Sebuah Kepercayaan

15K 784 21
                                    

Sebagai selametan nama baru akun saya yang saya ubah dari RaMinaMi jadi swasmitabuwana, akhirnya saya apdet Bang Dipta...maaf kl part ini datar...hehehee...
Maaf kalau bikin bingung gonta ganti nama begini...cuma emang sengaja ganti nama semua akun justru supaya g bikin bingung...jd semua akun medsos saya sudah saya ganti dengan nama swasmitabuwana baik IG, twitter, wattpad juga facebook (Swasmita Buwana) dengan nama yang sama...
Terima kasih...g usah kepanjangan saya basa basinya...monggoh dibaca...ditunggu kritik dan sarannya...#nyengir

==========================

Aku benar-benar hamil. Sebuah kepastian yang akhirnya kudapatkan setelah aku berkonsultasi dan memeriksakan diri pada Tante Rina. Rasanya masih setengah percaya, meskipun aku tahu ini nyata. Apa yang harus kulakukan sekarang? Aku sama sekali tidak mengetahui apa pun tentang kehamilan atau persiapan menjadi Ibu. Meskipun tadi sudah banyak bertanya pada Tante Rina, tapi aku tetap membutuhkan bantuan orang terdekat yang sudah berpengalaman. Dan satu nama yang terbersit di benak membuatku mengerangkan hal tersebut. Bunda.

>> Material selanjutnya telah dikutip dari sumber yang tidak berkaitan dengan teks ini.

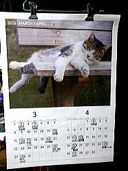 | 17時39分、寝室の猫カレンダーに予定を記入しました。 |

Ya, memang apa susahnya meminta tips dan trik dari Bunda sendiri, kan. Tapi menurutku itu sangat susah. Dengan situasi kami yang sama-sama aneh begini. Bunda hamil, aku pun hamil. Bunda pasti sudah sibuk dengan kehamilannya sendiri, tidak mungkin aku menambah kesibukan dan pikiran Bunda tentang kehamilanku. Jujur, aku segan, aku takut merepotkan beliau.

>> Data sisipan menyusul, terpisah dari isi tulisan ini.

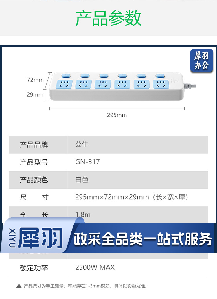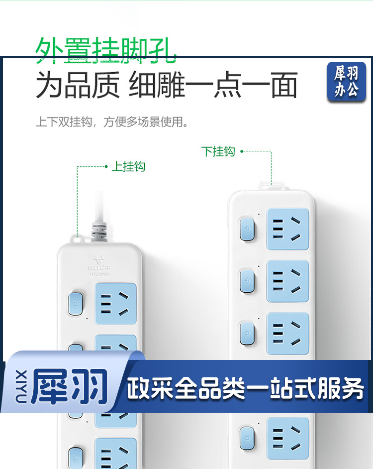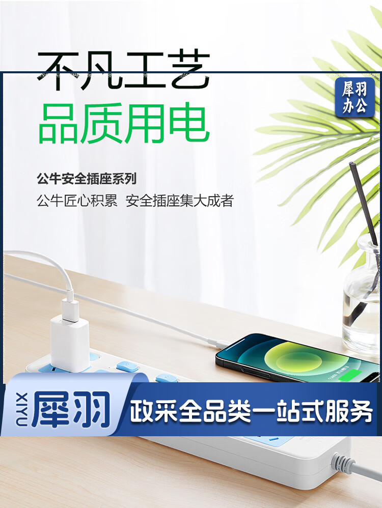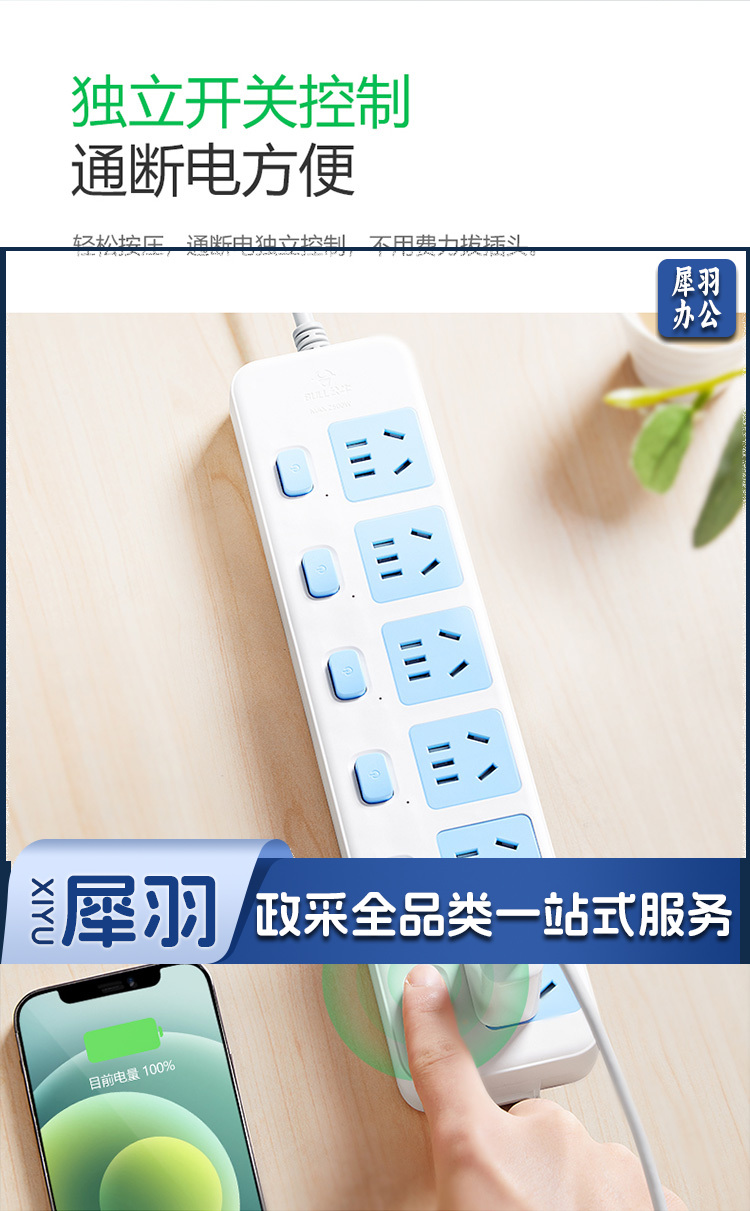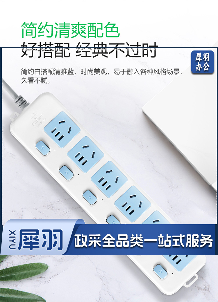 公牛(BULL)新国标插座/插线板/插排6位分控全长1.8米 GN-317

Tetapi lagi, kalau bukan pada Bunda, pada siapa lagi? Sebelum menikah dengan Bang Dipta, apa pun masalah atau perasaan yang kuhadapi selalu kuceritakan pada Bunda. Dan beliaulah yang akan dengan sabar memberiku nasehat dan menenangkanku. Sekarang aku punya Bang Dipta, maka tugas tersebut otomatis berpindah padanya. Nah, yang jadi masalah, untuk tetek bengek kehamilan juga segala hal sebelum dan sesudahnya Bang Dipta tentu saja sama tidak tahunya denganku. Meminta bantuan Ibu Bang Dipta pun rasanya lebih segan. Beliau dan Bapak tinggal di Sumatera, kembali ke kampung halaman untuk menghabiskan masa tua di sana. Tidak mungkin aku mengganggu beliau berdua untuk datang jauh-jauh kemari hanya untuk mengurusiku yang lebay ini. Ck, jadi jelas kan, tidak ada yang bisa membantuku selain Bunda.

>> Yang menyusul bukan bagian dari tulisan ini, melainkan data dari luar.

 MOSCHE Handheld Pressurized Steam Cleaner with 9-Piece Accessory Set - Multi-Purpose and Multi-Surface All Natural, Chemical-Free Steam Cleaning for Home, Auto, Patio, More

Bagaimana sekarang? Ugh! Benar-benar menyebalkan ada di posisiku sekarang. Padahal seharusnya kehamilan cucu pertama selalu menjadi saat yang ditunggu-tunggu calon kakek dan nenek. Terlebih lagi setelah mengamati sekitar selama bertahun-tahun kupikir justru calon kakek dan nenek yang terkadang lebih heboh menyambut kedatangan calon keluarga baru ini. Tapi kakek dan nenek anakku sudah terlalu sibuk menyambut kedatangan om atau tantenya. Nasib!
"Ibu, kok bengong?"
"Eh? Siapa yang bengong, Nis ... mmm, Ibu, cuma lagi lihat pemandangan, Pak." Duh, lidahku masih sering keseleo dengan panggilan Ibu dan Bapak yang aku dan Bang Dipta sepakati. Terbiasa memanggil diri sendiri dengan sebutan aku atau Nisya, tiba-tiba harus berubah menjadi Ibu benar-benar perubahan besar menurutku. Bukan hanya besar dalam arti tersurat, tetapi juga tersirat. Membuatku terkadang masih merasa sedikit kagok dengan panggilan dan status baru yang melekat tersebut.
"Udah telepon Ayah Bunda kan tadi? Mereka di rumah?" Pertanyaan Bang Dipta tersebut sejujurnya membuatku ingin segera meminta Bang Dipta memutar mobil kami untuk pulang. Ada kenyataan lain yang harus kuhadapi saat ini. Entah harus berapa kenyataan absurd lagi yang harus aku hadapi untuk melewati kehamilan ini. Tapi yang pasti, kenyataan saat ini membuatku sangat tidak tenang.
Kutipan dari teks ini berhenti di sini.